Trump running mate JD Vance makes speech appealing to America's 'forgotten communities'
JD Vance officially accepted his party's nomination for vice president, as ITV News' US correspondent Dan Rivers reports.
Donald Trump’s running mate took to the stage at the Republican National Convention (RNC) on Wednesday night, sharing his story of his upbringing and making the case that his party best understands the challenges facing struggling Americans.
JD Vance was catapulted into the spotlight when he was named as the former president's choice to run alongside him on the ticket in the US election on November 5.
He delivered the second most important speech of the week after Trump’s own due on Thursday, describing his hard-set childhood and appealing to "forgotten communities".
He said: “To the people of Middletown, Ohio, and all the forgotten communities in Michigan, Wisconsin, Pennsylvania and Ohio, and every corner of our nation, I promise you this - I will be a vice president who never forgets where he came from.”
Speaking to a packed arena at the RNC, the Ohio senator's speech was geared towards Rust Belt voters who helped drive Trump’s surprise 2016 victory, voicing their anger and frustration.
“In small towns like mine in Ohio, or next door in Pennsylvania, or in Michigan, in states all across our country, jobs were sent overseas and children were sent to war,” he said.
Vance grew up poor in Kentucky and Ohio, his mother addicted to drugs and his father absent.
He later joined the Marines, graduated from Yale Law School, and went on to the highest levels of US politics.
“Never in my wildest imagination could I have believed that I’d be standing here tonight,” he said.
Vance, who had never previously attended a Republican convention, used his speech to criticise Biden, using his relative youth to draw a contrast with the 81-year-old president.
He said: “Joe Biden has been a politician in Washington as long as I’ve been alive.
“For half a century, he’s been a champion of every single policy initiative to make America weaker and poorer.”
Biden’s campaign responded with a blistering statement calling Vance “unprepared, unqualified, and willing to do anything Donald Trump demands.”
At 39, Vance is one of the youngest people ever to serve on a presidential ticket and he’s only been in the Senate for less than two years.
He is already being cast as a heir to Trump's 'Make America Great Again' movement.
Vance’s priority for his first major appearance was to avoid any mistakes that derail a disciplined convention and avoid overshadowing Trump.
But win or lose in November, Vance is going to be a fixture in US politics in the coming years and his speech represented a defining moment for his career.
Vance, the author of the infamous memoir Hillbilly Elegy was elected to the Senate in 2022 after receiving a boost from Trump in a contentious Republican primary.
It was a reversal from just six years earlier.

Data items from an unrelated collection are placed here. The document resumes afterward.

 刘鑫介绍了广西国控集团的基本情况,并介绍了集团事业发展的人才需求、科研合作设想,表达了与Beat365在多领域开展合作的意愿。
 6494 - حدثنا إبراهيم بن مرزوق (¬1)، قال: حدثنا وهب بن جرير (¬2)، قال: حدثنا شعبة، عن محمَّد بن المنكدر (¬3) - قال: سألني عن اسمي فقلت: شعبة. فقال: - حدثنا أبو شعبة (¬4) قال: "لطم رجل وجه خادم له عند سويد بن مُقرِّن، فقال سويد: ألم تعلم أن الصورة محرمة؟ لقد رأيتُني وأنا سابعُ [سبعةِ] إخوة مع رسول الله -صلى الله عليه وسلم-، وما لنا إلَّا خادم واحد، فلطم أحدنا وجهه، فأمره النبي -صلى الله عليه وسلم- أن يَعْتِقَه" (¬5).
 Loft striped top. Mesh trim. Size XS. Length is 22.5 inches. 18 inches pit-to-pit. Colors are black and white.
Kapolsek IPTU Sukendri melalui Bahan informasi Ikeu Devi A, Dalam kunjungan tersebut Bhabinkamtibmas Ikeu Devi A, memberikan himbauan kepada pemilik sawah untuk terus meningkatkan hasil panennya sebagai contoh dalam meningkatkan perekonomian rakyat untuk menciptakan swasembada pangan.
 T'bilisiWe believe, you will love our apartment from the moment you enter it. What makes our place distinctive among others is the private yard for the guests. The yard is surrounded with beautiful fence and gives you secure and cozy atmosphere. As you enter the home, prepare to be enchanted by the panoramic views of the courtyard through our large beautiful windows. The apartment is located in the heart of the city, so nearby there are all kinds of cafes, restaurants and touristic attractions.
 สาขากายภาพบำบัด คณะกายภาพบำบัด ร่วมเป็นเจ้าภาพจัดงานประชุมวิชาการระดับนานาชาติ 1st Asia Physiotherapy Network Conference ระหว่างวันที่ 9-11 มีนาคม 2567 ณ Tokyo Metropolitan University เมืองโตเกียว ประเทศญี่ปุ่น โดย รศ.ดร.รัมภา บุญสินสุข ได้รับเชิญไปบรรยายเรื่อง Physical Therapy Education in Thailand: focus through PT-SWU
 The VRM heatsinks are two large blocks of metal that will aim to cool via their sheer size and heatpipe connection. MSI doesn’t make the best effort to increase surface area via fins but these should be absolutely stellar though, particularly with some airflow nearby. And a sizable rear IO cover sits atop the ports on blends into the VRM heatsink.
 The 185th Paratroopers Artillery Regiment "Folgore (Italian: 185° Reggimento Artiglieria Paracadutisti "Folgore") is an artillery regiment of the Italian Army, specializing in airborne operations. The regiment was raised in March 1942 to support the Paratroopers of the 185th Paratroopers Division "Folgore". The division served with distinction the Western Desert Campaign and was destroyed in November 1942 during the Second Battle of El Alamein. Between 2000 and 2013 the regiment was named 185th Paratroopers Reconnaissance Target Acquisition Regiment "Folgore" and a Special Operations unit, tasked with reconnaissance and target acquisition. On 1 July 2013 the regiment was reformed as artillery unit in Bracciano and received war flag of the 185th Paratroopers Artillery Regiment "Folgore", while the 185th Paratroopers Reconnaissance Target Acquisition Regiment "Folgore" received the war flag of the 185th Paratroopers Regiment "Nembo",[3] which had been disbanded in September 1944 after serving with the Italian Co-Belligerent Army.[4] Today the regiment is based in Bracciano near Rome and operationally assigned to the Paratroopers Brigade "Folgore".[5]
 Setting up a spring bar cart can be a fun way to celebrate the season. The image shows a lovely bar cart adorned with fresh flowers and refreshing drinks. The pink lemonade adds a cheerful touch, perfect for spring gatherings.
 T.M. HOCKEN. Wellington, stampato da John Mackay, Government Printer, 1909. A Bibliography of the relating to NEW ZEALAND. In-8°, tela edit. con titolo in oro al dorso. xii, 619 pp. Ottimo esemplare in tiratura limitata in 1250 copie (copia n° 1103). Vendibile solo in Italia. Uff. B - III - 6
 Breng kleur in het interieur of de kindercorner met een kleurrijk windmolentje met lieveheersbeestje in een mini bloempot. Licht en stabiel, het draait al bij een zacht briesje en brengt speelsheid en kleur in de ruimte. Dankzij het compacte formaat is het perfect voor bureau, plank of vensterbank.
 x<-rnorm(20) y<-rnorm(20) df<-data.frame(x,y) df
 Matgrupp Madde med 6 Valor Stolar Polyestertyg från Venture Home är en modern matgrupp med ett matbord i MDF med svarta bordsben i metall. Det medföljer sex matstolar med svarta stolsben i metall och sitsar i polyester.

Vance was a key voice in the “Never Trump” movement during the 2016 election and has a well-documented history of opposing the former president publicly.
He earned Trump’s endorsement in the 2022 Ohio Republican Senate primary after a concerted yearlong effort by Vance to embrace a new image as a leading MAGA (Make America Great Again) proponent, courting the former president at meetings in Mar-a-Lago and through appearances on Fox News.
In a display of loyalty, Vance was one of several potential running mates and Republican lawmakers to stand by Trump’s side at a New York courthouse during his criminal hush money trial.